Use the semean option to output the standard error of the mean estimated above to the SAS dataset.
Use the nsum option to create the variable N in the SAS dataset which gives the number of observations in each level in each subdomain requested in the table statement.
Rformat racecat racef.; Use an rformat option to specify formats for the levels of each categorical variable in the tables statement as needed. Format statements for each variable must be listed individually. In this example, you are setting the formats for the race and Hispanic origin group (racecat).
Rtitle "Percent with records on the 2005 carrier file, aged 65 and older that were obese by race and Hispanic origin” ; Use the rtitle option to set the title for output for procedure.
Calculate 95% confidence intervals with SAS
Statements Explanation

Proc sort data=test1;
by racecat;
run;

Use the SAS procedure, proc sort, to sort the data.

DATA test2;  SET test1;

Use the data statement to create a new dataset (test2) and the set statement to read in the data file created in SUDAAN.

percent=round(mean,.01);

sepercent=round(semean,.01);

Create the variables percent and sepercent and set them equal to a rounded value of the estimates using the round function.

df=atlev2-atlev1;

Calculate the degrees of freedoms by subtracting the PSU (atlev2) from the stratum(atlev1).

tlow=tinv(.025,df);

tup=tinv(.975,df);

Calculate the t-statistic using the tinv function, which computes the percentile for the t-distribution with the degrees of freedom (df).
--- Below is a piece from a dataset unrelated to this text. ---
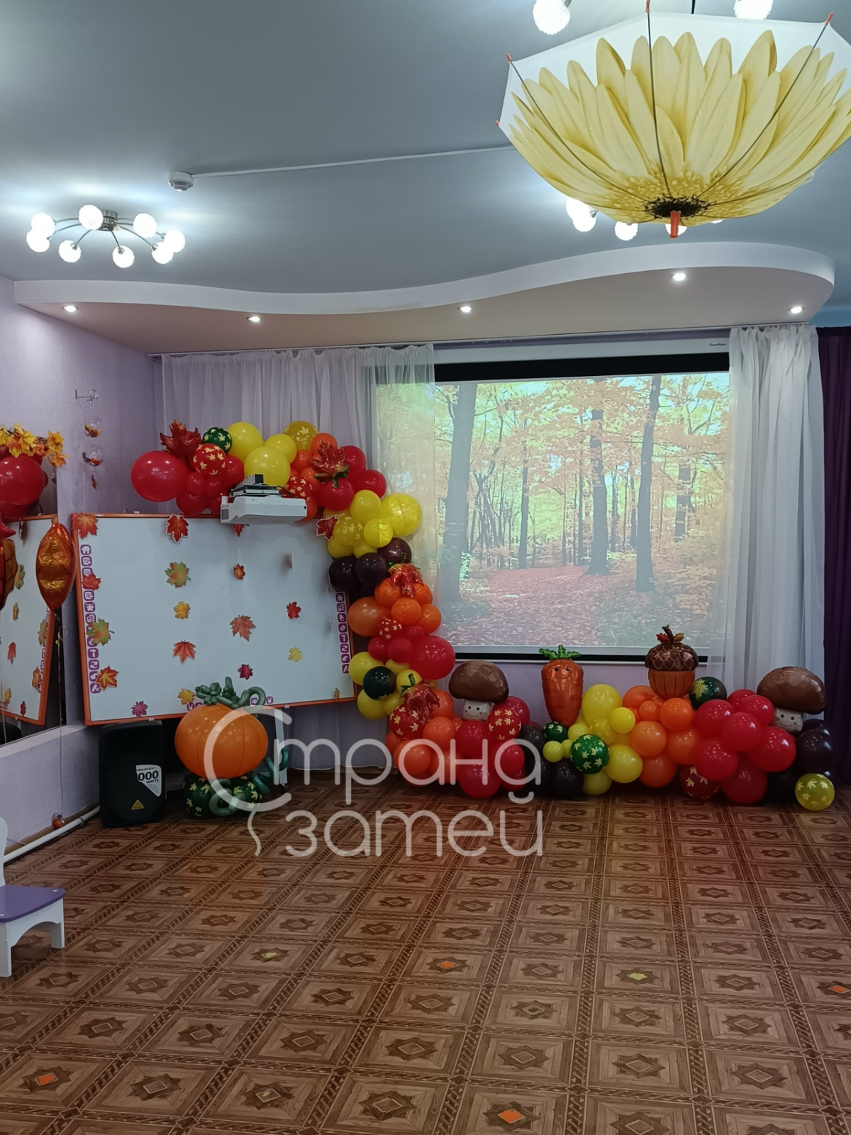 Оформление зала на праздник Осени в детском саду «Золотая пора»

rse=round((semean/mean)*100,.01); rsese=round((1/sqrt(df)),.01);

Calculate the relative standard error and the relative standard error of the standard error. These are useful for determining the reliability of estimates but are not used for confidence limit calculations.

ll=round((mean+tlow*semean),.01);

ul=round((mean+tup*semean),.01);

Calculate the upper and lower confidence limits.

proc print;

Use the proc print procedure to output the results.

VAR Racecat Percent Sepercent df tup ll ul;

Use the var statement to indicate variables of interest race and Hispanic origin (racecat); percent of people in the category (percent); standard error of the percent (sepercent);  degrees of freedom (df); t-statistic upper limit (tup); lower confidence limit (ll); and upper confidence limit (ul).

title1 'Degrees of Freedom and Wald 95% Confidence Interval';
title2 'Percent Linked to 2005 Carrier file by Race and Hispanic Origin’;
title3 'for those who were age 65+ and obese: NHANES 1999-2004';

run;

This title statement identifies the contents of the output.

Output:

Degrees of Freedom and Wald 95% Confidence Interval Percent Linked to 2005 Carrier file by Race and Hispanic Origin for those who were age 65+ and obese: NHANES 1999-2004
RACE NSUM PERCENT SEPERCENT DF TUP LL UL
Overall 843 73.06 2.32 44 2.01 68.37 77.74
non-Hispanic black 148 75.64 4.22 14 2.14 66.6 84.69
Mexican American 176 76.5 5.22 9 2.26 64.7 88.31
non-Hispanic white and others 519 72.62 2.54 38 2.02 67.49 77.75

Given the degrees of freedom for Mexican Americans some caution may be needed when analyzing these data by race and Hispanic origin.